Bug 780442 – vaapi: wayland: multiple sinks blocks the pipeline

After an evaluation, GNOME has moved from Bugzilla to GitLab. Learn more about GitLab.
No new issues can be reported in GNOME Bugzilla anymore.
To report an issue in a GNOME project, go to GNOME GitLab.
Do not go to GNOME Gitlab for: Bluefish, Doxygen, GnuCash, GStreamer, java-gnome, LDTP, NetworkManager, Tomboy.

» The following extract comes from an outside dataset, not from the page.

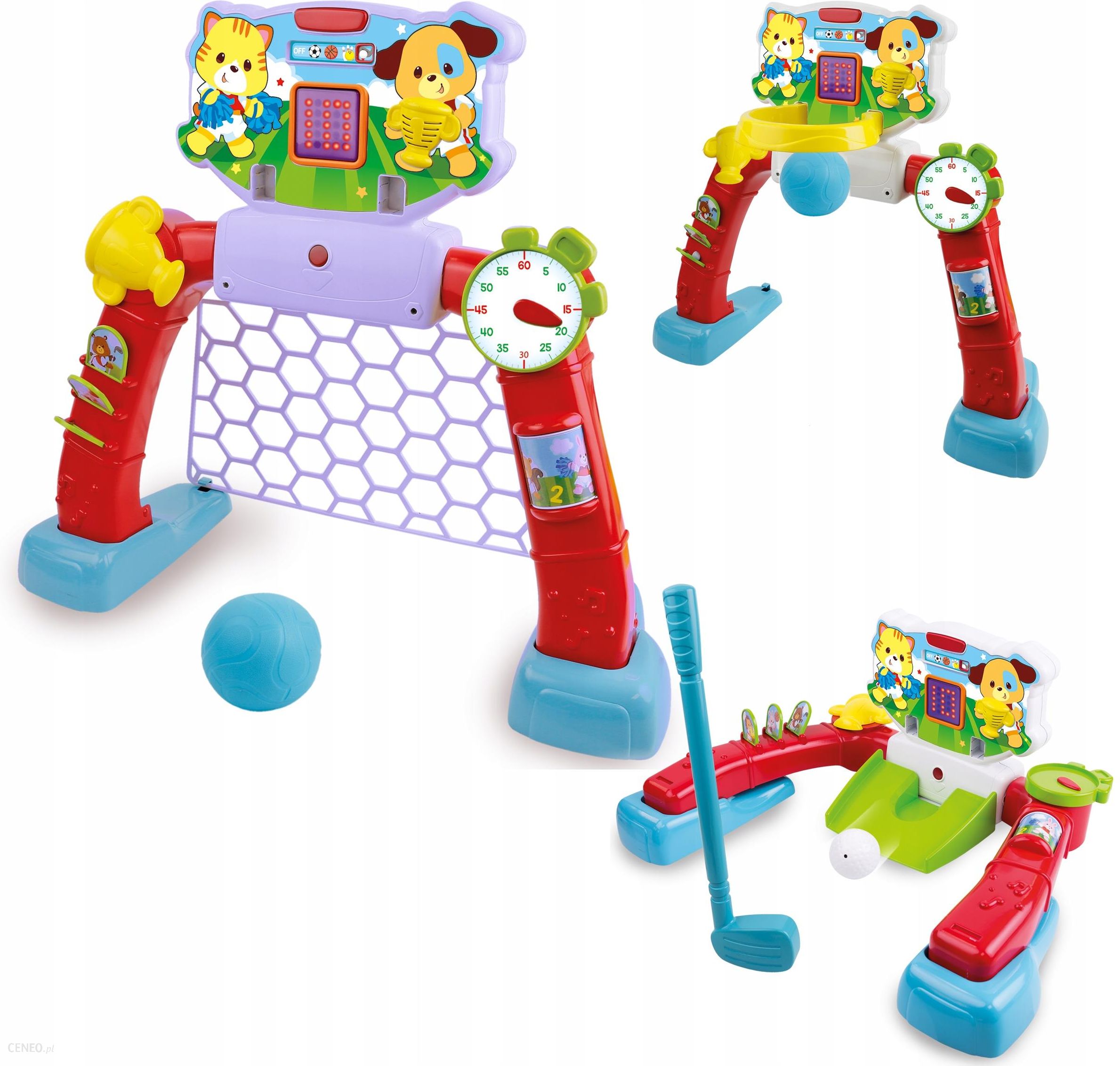 Jeśli Twoje dziecko to żywe srebro podaruj mu wyjątkowe Centrum sportu 4w1 SMILY PLAY, a pomożesz mu spożytkować nadmiar energii. W fantastycznym zestawie na małego sportowca czekają cztery znane i lubiane na całym świecie gry sportowe. Malec odkryje uroki rozgrywek golfa, potrenuje celne strzały do bramki albo rzuty do kosza oraz spróbuje swoich sił w partii kręgli.Efekty dźwiękowe uatrakcyjnią i nadadzą zabawie realizmu. Mały zawodnik usłyszy dźwięk gwizdka, w rozgrywkach towarzyszyć mu będą radosne melodyjki, animacje i aplauz publiczności. Osiągnięcia w postaci punktów i zaliczonych bramek wyświetlą się na tablicy wyników z ekranikiem LCD. Żywe kolory zabawki i efekty dźwiękowe zachęcają do zabawy, a znajdujące się na ramie bramki ruchome elementy zapewnią małym, zwinnym paluszkom zawodnika zajęcie podczas przerw w rozgrywkach. Malec może bawić się samodzielnie w trybie dowolnym, albo zaprosić rodzeństwo i przyjaciół do wspólnych zawodów, i wybrać grę na punkty.Fantastyczne Centrum sportowe 4w1SMILY PLAY zachwyci małego sportowca, a zabawa dostarczy mu mnóstwo frajdy. Rozgrywki to doskonały pomysł na aktywne spędzanie wolnego czasu. Podczas nich maluch trenuje rozwój koordynację ręka-oko, uczy się cierpliwości i współpracy w grupie. Całość wykonana jest z materiałów najwyższej jakości, by zapewnić dziecku bezpieczeństwo . Aby wszystkie elementy zestawu służyły jak najdłużej należy pamiętać o prawidłowym użytkowaniu. Zabawki nie wolno zanurzać w wodzie, wskazane jest regularne sprawdzanie mocowania łączników. Dołączoną do zestawu piłkę można w razie potrzeby napompować ręczną pompką ze standardową igłą.Zestaw zawiera:Centrum sportu 4w1wielofunkcyjną piłkękręglekij i piłeczkę do golfaefekty dźwiękowe i świetlneposiada ruchome elementy: obracane obrazki, walec, puchar i wskazówki zegara3 testowe baterie AAprodukt nowy, oryginalnie zapakowanyprzeznaczony dla dzieci od 18 miesiąca życiaGry dostępne w zabawce:piłka nożnakoszykówkagolfkręgle

Bug 780442 - vaapi: wayland: multiple sinks blocks the pipeline


Summary:	vaapi: wayland: multiple sinks blocks the pipeline


Status:	RESOLVED FIXED

Product:	GStreamer
Classification:	Platform
Component:	gstreamer-vaapi
Version:	1.8.3
Hardware:	Other Linux

Importance:	Normal normal
Target Milestone:	1.11.91
Assigned To:	GStreamer Maintainers
QA Contact:	GStreamer Maintainers

URL:
Whiteboard:

Depends on:	773689 774029
Blocks:	748634

Reported:	2017-03-23 11:49 UTC by Lim Siew Hoon
Modified:	2017-04-24 11:35 UTC

See Also:
GNOME target:	---
GNOME version:	---

Attachments
*output_log with GST_DEBUG=vaapi:5,GST_REFCOUNTING:7** (1.98 MB, application/zip) 2017-03-23 11:51 UTC, Lim Siew Hoon		Details
libs: window: wayland: refactor event-handling (9.64 KB, patch) 2017-04-06 08:15 UTC, Hyunjun Ko	none	Details \| Review
libs: window: wayland: refactor event-handling (10.75 KB, patch) 2017-04-17 08:02 UTC, Hyunjun Ko	none	Details \| Review
libs: window: wayland: refactor event-handling (10.84 KB, patch) 2017-04-18 03:00 UTC, Hyunjun Ko	none	Details \| Review
libs: window: wayland: refactor event-handling (9.59 KB, patch) 2017-04-19 02:14 UTC, Hyunjun Ko	rejected	Details \| Review
libs: window: wayland: sending null buffer when destruction (2.38 KB, patch) 2017-04-19 02:14 UTC, Hyunjun Ko	rejected	Details \| Review

Description Lim Siew Hoon 2017-03-23 11:49:27 UTC

Gstreamer framework: 1.8.3
Gstreamer vaapi: 1.8 branch
OS: Yocto Linux with wayland weston compositor 
Wayland and weston version: 1.10.0

Able to reproduce the issue with vaapisink (1 video didn't get killed): 
gst-launch-1.0 filesrc location=/Videos/test.mp4 ! qtdemux ! vaapidecode ! vaapisink filesrc location=/Videos/test.mp4 ! qtdemux ! vaapisink

Able to reproduce the issue with vaapisink (2 video didn't get killed): 
gst-launch-1.0 filesrc location=/Videos/test.mp4 ! qtdemux ! vaapidecode ! vaapisink filesrc location=/Videos/test.mp4 ! qtdemux ! vaapisink filesrc location=/Videos/test.mp4 ! qtdemux ! vaapisink

Not able to reproduce issue if vaapisink replace to waylandsink. 
This issue does not happen in X11 if using vaapisink.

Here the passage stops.